* [DIRECTIONS]
Restate word for word the section of the entries that opens at the line containing "Ανησυχία προκαλούν οι" and closes at the line containing "Struttura in ottone", both lines kept, pictures dropped.

##### THE RECORDS

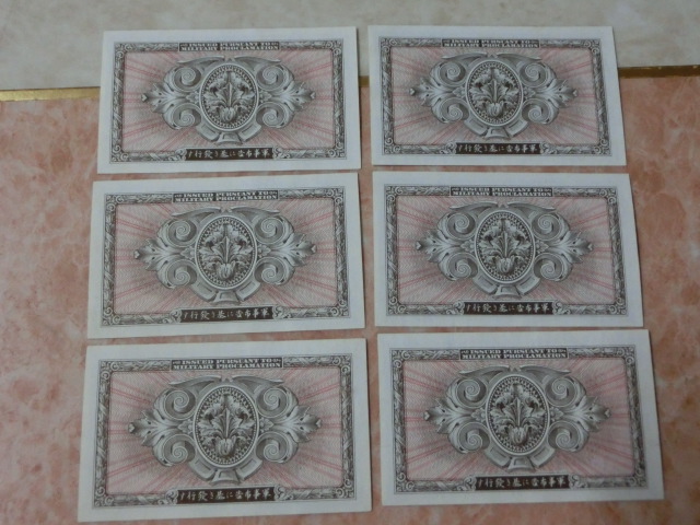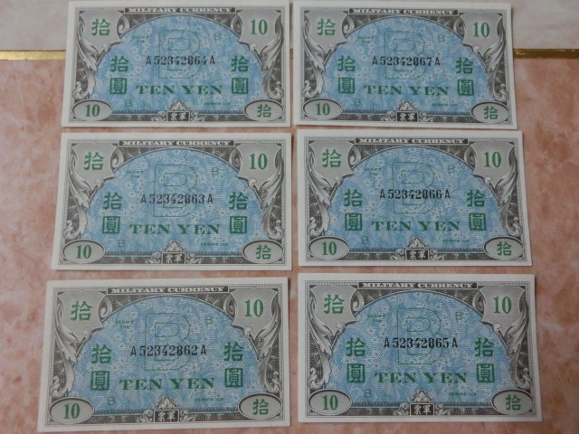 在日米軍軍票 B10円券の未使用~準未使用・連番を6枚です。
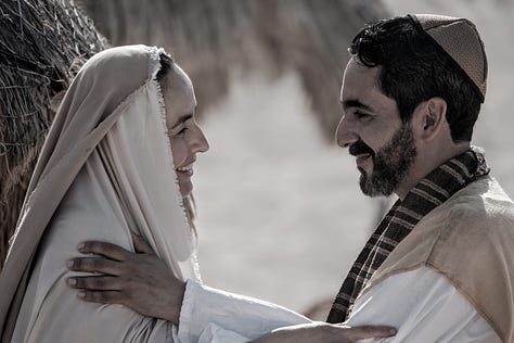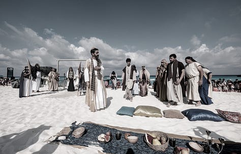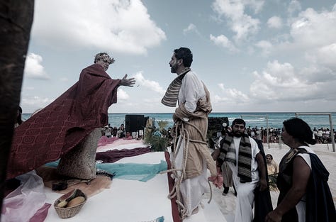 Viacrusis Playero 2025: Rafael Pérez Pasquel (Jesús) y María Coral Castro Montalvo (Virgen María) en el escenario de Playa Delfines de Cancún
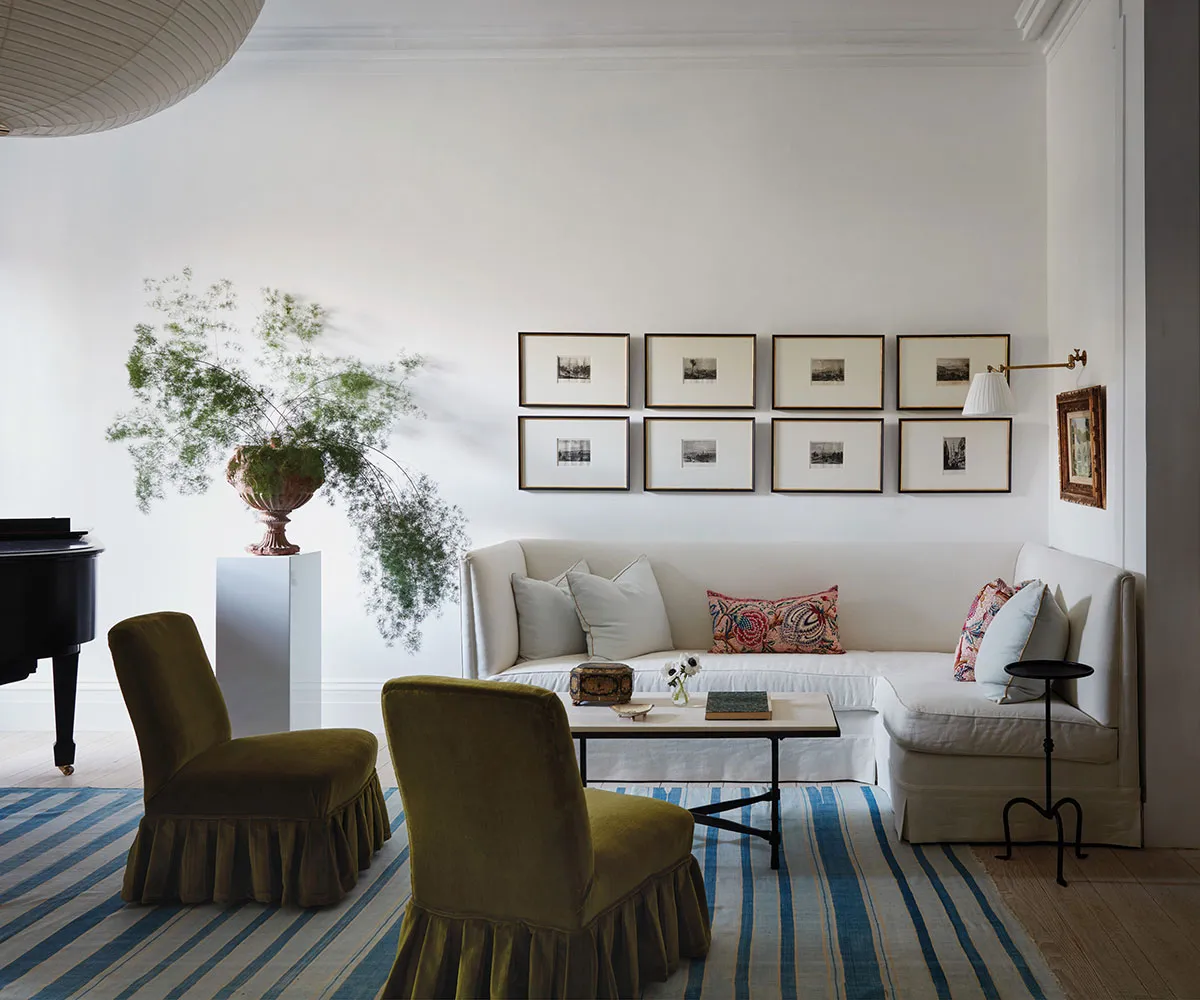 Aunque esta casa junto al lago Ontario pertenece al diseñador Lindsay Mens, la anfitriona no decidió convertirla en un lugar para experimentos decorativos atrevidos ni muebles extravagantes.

##########
##### THE RECORDS

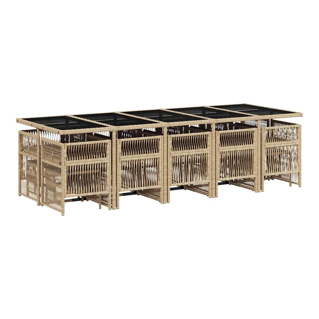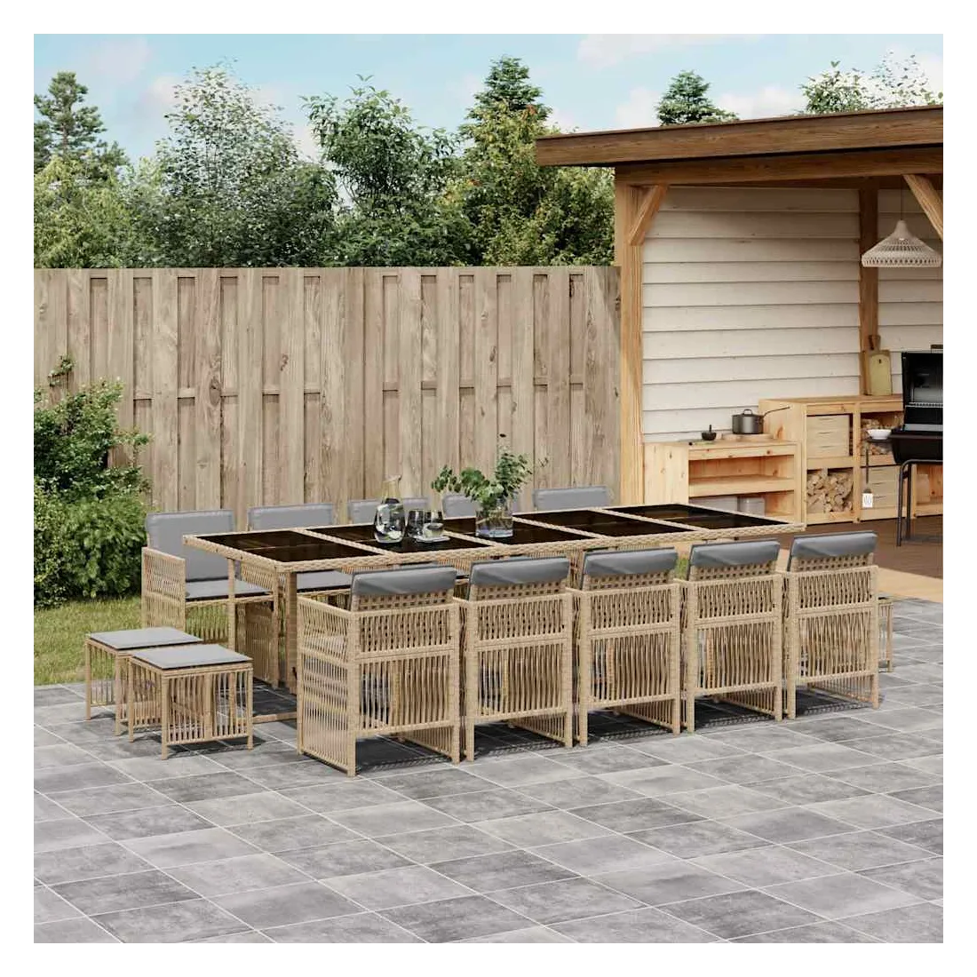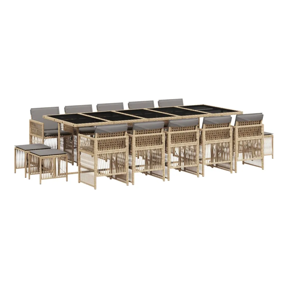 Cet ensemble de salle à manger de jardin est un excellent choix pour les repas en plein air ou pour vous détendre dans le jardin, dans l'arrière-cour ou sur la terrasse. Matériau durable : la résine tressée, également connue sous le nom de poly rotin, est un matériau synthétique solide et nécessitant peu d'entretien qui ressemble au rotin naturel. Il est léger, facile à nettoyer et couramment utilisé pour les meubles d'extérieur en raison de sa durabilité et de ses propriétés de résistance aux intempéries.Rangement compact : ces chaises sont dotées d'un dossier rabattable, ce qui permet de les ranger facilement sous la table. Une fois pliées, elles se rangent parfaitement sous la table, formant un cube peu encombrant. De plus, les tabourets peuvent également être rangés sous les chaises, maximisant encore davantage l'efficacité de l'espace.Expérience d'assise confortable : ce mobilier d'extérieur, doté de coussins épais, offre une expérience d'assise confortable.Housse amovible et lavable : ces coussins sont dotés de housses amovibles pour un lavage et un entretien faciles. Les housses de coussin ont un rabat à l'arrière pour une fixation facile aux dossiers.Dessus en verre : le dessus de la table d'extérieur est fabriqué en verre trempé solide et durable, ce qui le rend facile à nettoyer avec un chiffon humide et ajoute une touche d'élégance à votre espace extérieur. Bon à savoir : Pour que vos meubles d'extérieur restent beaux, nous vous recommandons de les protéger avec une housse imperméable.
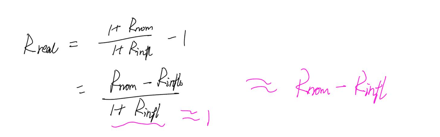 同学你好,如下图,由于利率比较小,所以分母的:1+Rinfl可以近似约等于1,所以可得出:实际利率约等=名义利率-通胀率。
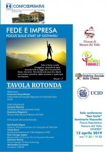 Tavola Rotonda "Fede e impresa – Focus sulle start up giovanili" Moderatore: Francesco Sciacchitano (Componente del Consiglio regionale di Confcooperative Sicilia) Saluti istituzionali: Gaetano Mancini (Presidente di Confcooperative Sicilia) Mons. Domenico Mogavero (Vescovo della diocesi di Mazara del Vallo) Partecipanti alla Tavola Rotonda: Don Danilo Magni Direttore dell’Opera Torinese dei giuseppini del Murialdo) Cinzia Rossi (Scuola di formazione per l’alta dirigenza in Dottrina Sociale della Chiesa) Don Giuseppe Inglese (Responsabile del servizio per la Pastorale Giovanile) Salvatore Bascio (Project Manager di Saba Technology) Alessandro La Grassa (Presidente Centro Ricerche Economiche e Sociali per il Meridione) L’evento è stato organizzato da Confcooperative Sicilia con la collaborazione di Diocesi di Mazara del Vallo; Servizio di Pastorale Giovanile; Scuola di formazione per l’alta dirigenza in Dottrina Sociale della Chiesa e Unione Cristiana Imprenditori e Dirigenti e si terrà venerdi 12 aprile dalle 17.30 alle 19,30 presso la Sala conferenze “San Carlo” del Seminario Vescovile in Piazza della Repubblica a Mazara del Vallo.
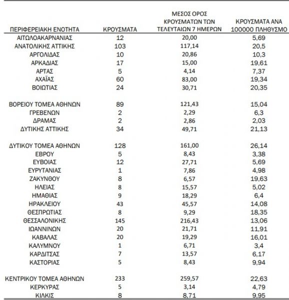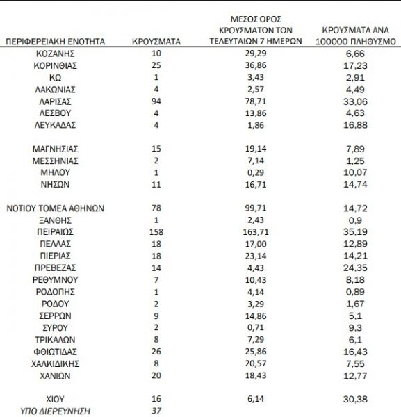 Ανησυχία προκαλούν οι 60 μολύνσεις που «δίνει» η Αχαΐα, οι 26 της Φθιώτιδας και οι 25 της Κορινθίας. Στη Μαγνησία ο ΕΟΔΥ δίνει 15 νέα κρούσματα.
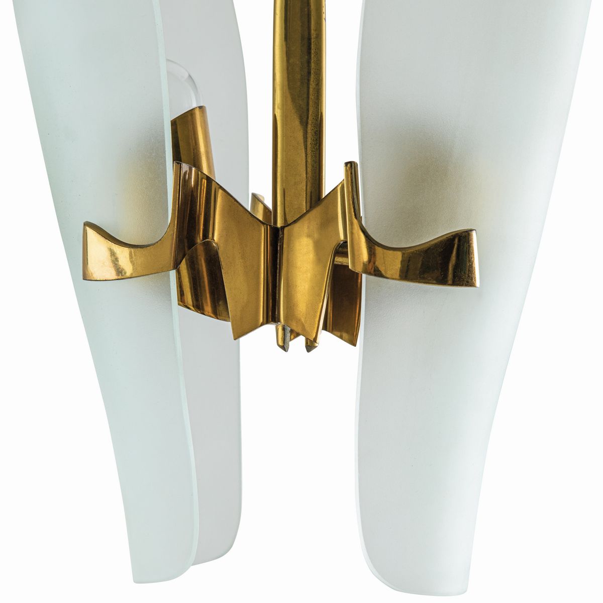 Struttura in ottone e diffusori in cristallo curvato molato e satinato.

##########
##### THE RECORDS

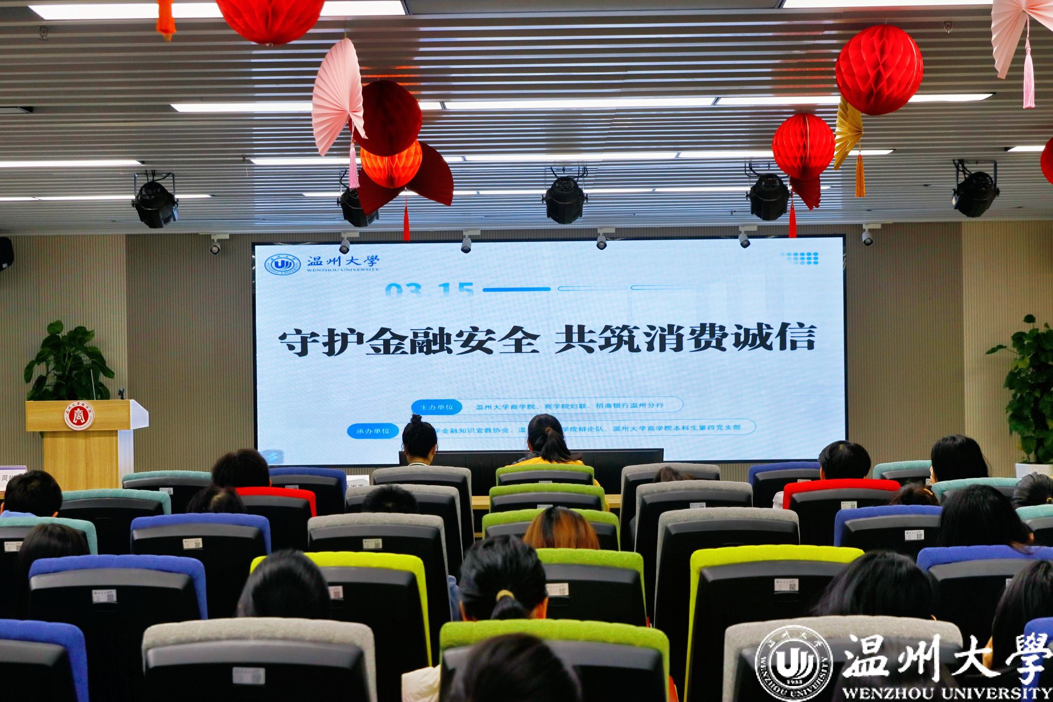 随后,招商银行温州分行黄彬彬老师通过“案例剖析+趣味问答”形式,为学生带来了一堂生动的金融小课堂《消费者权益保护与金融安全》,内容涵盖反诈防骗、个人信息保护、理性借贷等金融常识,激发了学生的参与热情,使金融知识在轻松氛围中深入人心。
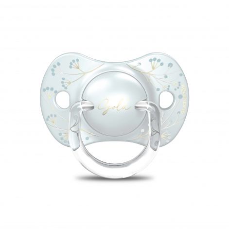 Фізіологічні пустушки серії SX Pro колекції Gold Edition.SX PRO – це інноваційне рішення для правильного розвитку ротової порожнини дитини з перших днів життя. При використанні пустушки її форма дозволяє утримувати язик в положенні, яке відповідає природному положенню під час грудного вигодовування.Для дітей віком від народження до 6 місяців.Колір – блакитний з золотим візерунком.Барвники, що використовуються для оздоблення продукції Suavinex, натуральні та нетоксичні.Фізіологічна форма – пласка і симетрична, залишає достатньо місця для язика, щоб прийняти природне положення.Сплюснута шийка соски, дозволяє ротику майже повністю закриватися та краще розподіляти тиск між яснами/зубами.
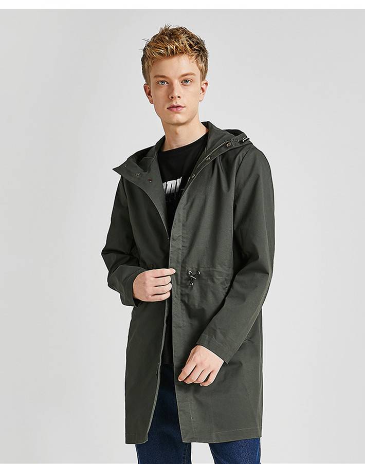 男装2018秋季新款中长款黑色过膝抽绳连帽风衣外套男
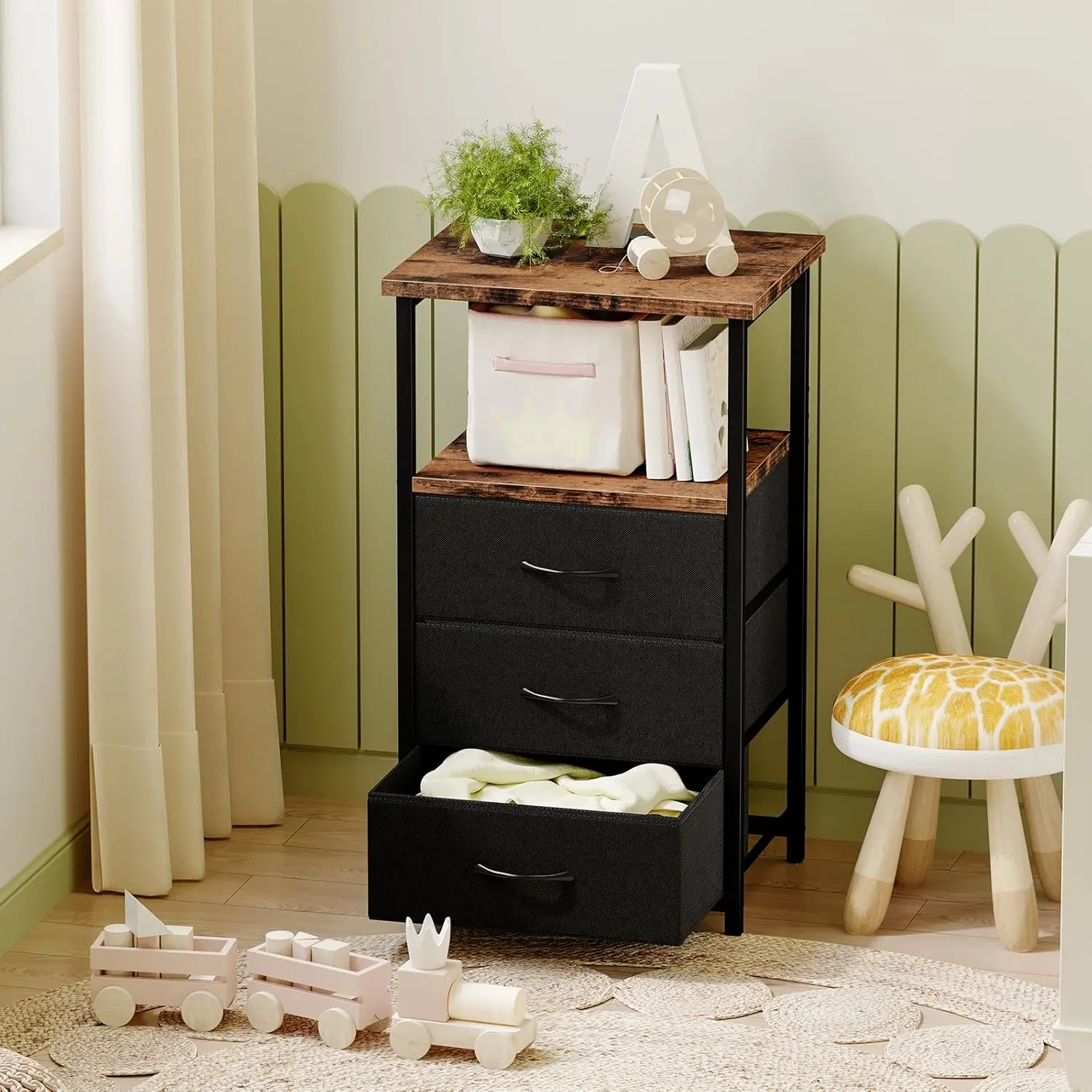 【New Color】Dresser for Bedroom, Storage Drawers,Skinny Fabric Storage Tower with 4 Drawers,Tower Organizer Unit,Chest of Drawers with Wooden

##########

* [COMPLETED EXERCISE]
 Ανησυχία προκαλούν οι 60 μολύνσεις που «δίνει» η Αχαΐα, οι 26 της Φθιώτιδας και οι 25 της Κορινθίας. Στη Μαγνησία ο ΕΟΔΥ δίνει 15 νέα κρούσματα.
 Struttura in ottone e diffusori in cristallo curvato molato e satinato.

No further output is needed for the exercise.